When you plant succulents, you dress outdoor spaces with living sculptures. Succulents are the camels of the plant world, bearing thick, fleshy leaves that store water. These textural beauties hail from regions as diverse as tropical Mexico and cooler Europe.

This tabletop succulent container is a great project for summer because succulents are so hardy and easy to grow. This dish garden can sit atop an outdoor ledge or patio table in the summer and can overwinter indoors as a houseplant. What better way to celebrate the beautiful colors and textures of plants that practically take care of themselves?


To begin this project, you'll first need to pick a planter. A wide but shallow dish, bowl, or plate works, but you'll want it to have a drainage hole. If you have a dish that you really want to use but that doesn't have a drainage hole, you'll need to (carefully!) tip out the excess water when the garden is watered or after it sits in the rain to drain excess moisture.

To begin, add a layer of pebbles—this is crucial to ensure that your succulents have proper drainage. You'll also want to use a soil mix that has aerating agents, such as sand or peat moss. Add a few inches of soil to your dish, but be sure to leave space at the top for plants.

It's a good idea to start by planting whichever succulent you want to be the focal point of your garden. We used echeveria, which often comes in different colors and patterns. Be careful when handling your succulents—because their leaves are so thick and filled with water, they can snap easily. But if a stem snaps off, no worries!
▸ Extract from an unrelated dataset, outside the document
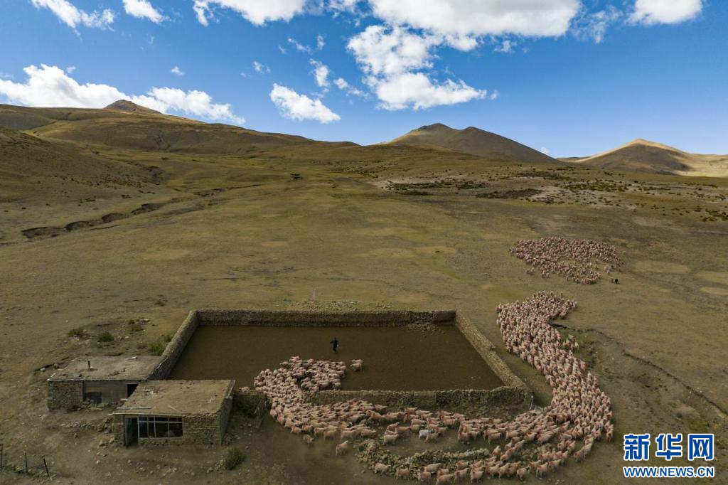 扎西松多村集體養(yǎng)殖的千只綿羊(無人機照片)。新華網(wǎng) 旦增努布 攝

Just poke it into the soil and it'll grow into a beautiful new succulent. (The same goes for the pups, or the small offsets that grow off the mother plant.)

When you pull the succulent plants out of their containers, you'll see the roots. Gently massage the roots to tell the plant that it's outside its pot and ready for a larger space. When adding succulents to your planter, don't plant them too deep—they'll like the extra drainage given when they're rooted slightly above the soil.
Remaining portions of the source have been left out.